= Beginning of Section =

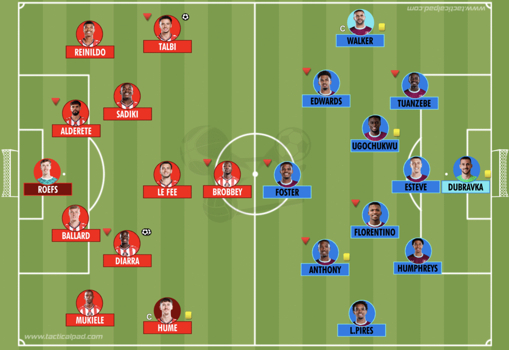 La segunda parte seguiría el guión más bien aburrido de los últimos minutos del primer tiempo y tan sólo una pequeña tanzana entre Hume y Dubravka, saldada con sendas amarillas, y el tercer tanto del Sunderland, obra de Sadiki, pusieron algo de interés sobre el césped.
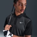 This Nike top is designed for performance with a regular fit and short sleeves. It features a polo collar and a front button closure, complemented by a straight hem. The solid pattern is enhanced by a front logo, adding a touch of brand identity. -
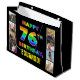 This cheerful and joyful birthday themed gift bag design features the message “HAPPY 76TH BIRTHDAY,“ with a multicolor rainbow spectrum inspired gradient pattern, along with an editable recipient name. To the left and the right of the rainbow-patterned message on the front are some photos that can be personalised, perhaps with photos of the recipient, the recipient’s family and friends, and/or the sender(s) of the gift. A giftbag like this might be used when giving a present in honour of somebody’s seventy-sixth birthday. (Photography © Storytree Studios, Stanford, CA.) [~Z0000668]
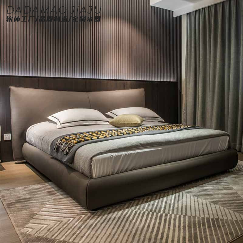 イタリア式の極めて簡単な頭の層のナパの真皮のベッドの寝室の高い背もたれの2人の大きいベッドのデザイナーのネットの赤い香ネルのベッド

= End of Section =
= Beginning of Section =

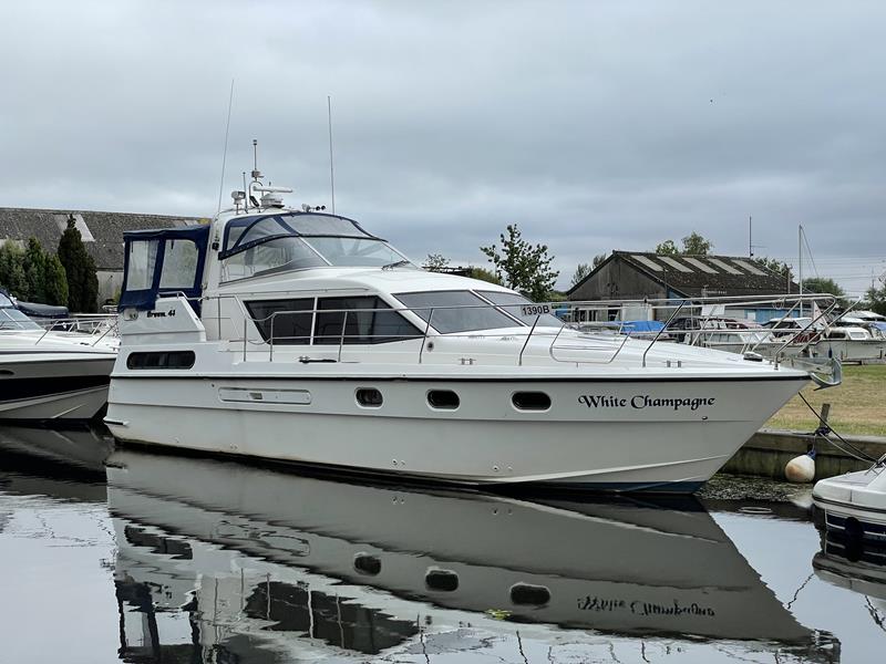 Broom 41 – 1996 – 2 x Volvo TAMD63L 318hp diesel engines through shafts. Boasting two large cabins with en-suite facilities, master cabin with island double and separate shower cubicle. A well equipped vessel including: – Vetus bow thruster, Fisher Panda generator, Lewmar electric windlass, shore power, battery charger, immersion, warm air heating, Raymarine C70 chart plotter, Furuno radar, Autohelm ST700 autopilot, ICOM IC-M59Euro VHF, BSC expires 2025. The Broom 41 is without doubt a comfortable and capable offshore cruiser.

= End of Section =

The copy should hold exactly the lines above from the one with "This Nike top" through the one with "イタリア式の極めて簡単な頭の", both ends counted, and no pictures at all.

 This Nike top is designed for performance with a regular fit and short sleeves. It features a polo collar and a front button closure, complemented by a straight hem. The solid pattern is enhanced by a front logo, adding a touch of brand identity. -
 This cheerful and joyful birthday themed gift bag design features the message “HAPPY 76TH BIRTHDAY,“ with a multicolor rainbow spectrum inspired gradient pattern, along with an editable recipient name. To the left and the right of the rainbow-patterned message on the front are some photos that can be personalised, perhaps with photos of the recipient, the recipient’s family and friends, and/or the sender(s) of the gift. A giftbag like this might be used when giving a present in honour of somebody’s seventy-sixth birthday. (Photography © Storytree Studios, Stanford, CA.) [~Z0000668]
 イタリア式の極めて簡単な頭の層のナパの真皮のベッドの寝室の高い背もたれの2人の大きいベッドのデザイナーのネットの赤い香ネルのベッド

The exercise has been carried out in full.